À quand la prochaine édition du Festival international du cinéma de Kinshasa – FICKIN – ?
Le Festival international de cinéma de Kinshasa est initialement prévu pour le début du mois de septembre, mais nous observons l’évolution de la situation sanitaire mondiale. Au cas où le virus perturbe, nous allons tenter l’expérience d’une édition en ligne tout en tenant compte des difficultés liées à l’accès à Internet. Nous espérons bénéficier d’une collaboration avec les compagnies de distribution. En attendant, nous recommandons à tout le monde de bien respecter les règles d’hygiène pour éviter la propagation du virus.
Pour ceux qui ne connaissent pas Tshoper Kabambi, qui êtes vous ?

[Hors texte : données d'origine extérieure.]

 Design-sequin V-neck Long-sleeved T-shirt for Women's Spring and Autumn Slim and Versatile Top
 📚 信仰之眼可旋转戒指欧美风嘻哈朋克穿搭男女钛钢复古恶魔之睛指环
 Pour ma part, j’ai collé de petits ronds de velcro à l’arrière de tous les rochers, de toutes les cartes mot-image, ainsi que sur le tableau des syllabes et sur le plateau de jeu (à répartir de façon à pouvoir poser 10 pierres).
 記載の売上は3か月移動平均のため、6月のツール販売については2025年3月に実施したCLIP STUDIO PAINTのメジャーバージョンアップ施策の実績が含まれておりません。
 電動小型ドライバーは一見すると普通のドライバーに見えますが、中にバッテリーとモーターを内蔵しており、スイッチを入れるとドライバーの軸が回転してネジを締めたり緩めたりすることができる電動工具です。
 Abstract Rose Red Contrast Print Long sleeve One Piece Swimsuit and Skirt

Pour ceux qui ne me connaissent pas je m’appelle Tshoper Kabambi Kashala, je suis né à Kinshasa le 9 juillet 1985. J’ai plusieurs casquettes dans la sphère du 7ème art en RDC.

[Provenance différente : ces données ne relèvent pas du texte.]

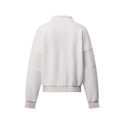 เสื้อแจ็คเก็ตบลูซงหรูหราสไตล์แคชวลได้แรงบันดาลใจจากเสื้อสไตล์เลานจ์แวร์ รังสรรค์จากผ้าวูลฟลีซโทนสีครีมคลาสสิกผิวสัมผัสนุ่มมอบความอบอุ่นยามเดินทาง ไอเท็มสไตล์สปอร์ตมาพร้อมคอปกทรงสูงมีเชือกรูดปรับได้และแขนเสื้อแบบ Raglan แต่งผ้าริบตรงข้อศอกมอบความสบายยามเคลื่อนไหว ตะเข็บแบบ Topstitching สร้างเอฟเฟ็กต์แบบควิลต์เท่สมาร์ทพร้อมปักสัญลักษณ์ LV บริเวณอก เลือกแมตช์กับกางเกงดีไซน์เดียวกันให้ลุคอุ่นสบายลงตัว
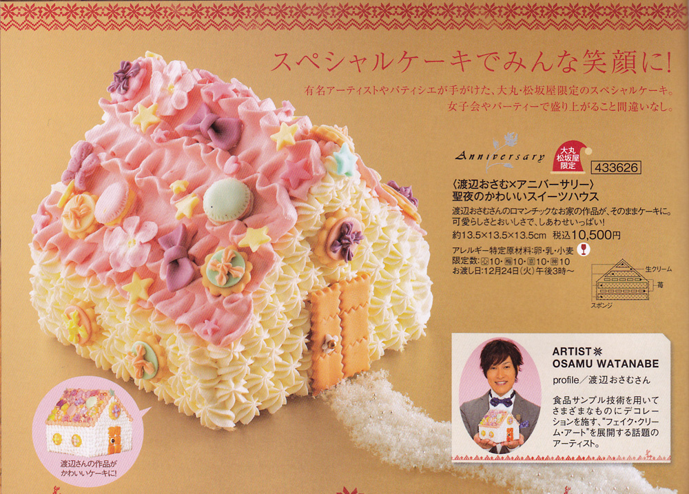 渡辺おさむのロマンチックなお家の作品が、そのままケーキに。可愛らしさとおいしさで、しあわせいっぱい!大丸松坂屋心斎橋店、梅田店、京都店、神戸店、名古屋松坂屋にて予約、お渡し可能です。

Je suis réalisateur et producteur et en même temps directeur de Bimpa Production, une des structures cinématographiques les plus actives au pays au regard de la quantité et de la qualité des films produits et co-produits.
Je réalise des films-fictions, documentaires et institutionnels pour plusieurs organismes internationaux basés en RDC.
Je suis également initiateur et directeur du Festival international de cinéma de Kinshasa (FICKIN) et du Festival Vision documentaire.
Au vu des réalités culturelles, cinématographiques particulièrement en RDC, le cinéma constitue-t-il votre principal gagne-pain ?
Comme le secteur ne permet pas à ses acteurs de vivre convenablement, je collabore avec beaucoup de structures étrangères comme producteur exécutif dans leurs projets de films, mais aussi comme fixeur pour des journalistes, documentaristes, publicistes, photographes, chercheurs et télévisions internationales. C’est ce qui me permet d’autofinancer mes projets.
Je suis également initiateur des ateliers dénommés «De l’idée au film», un cadre de formation qui, avec le soutien de mes camarades cinéastes, a pu former en 4 ans une trentaine de cinéastes qui s’affirment chaque jour et contribuent à l’émergence de notre jeune cinéma.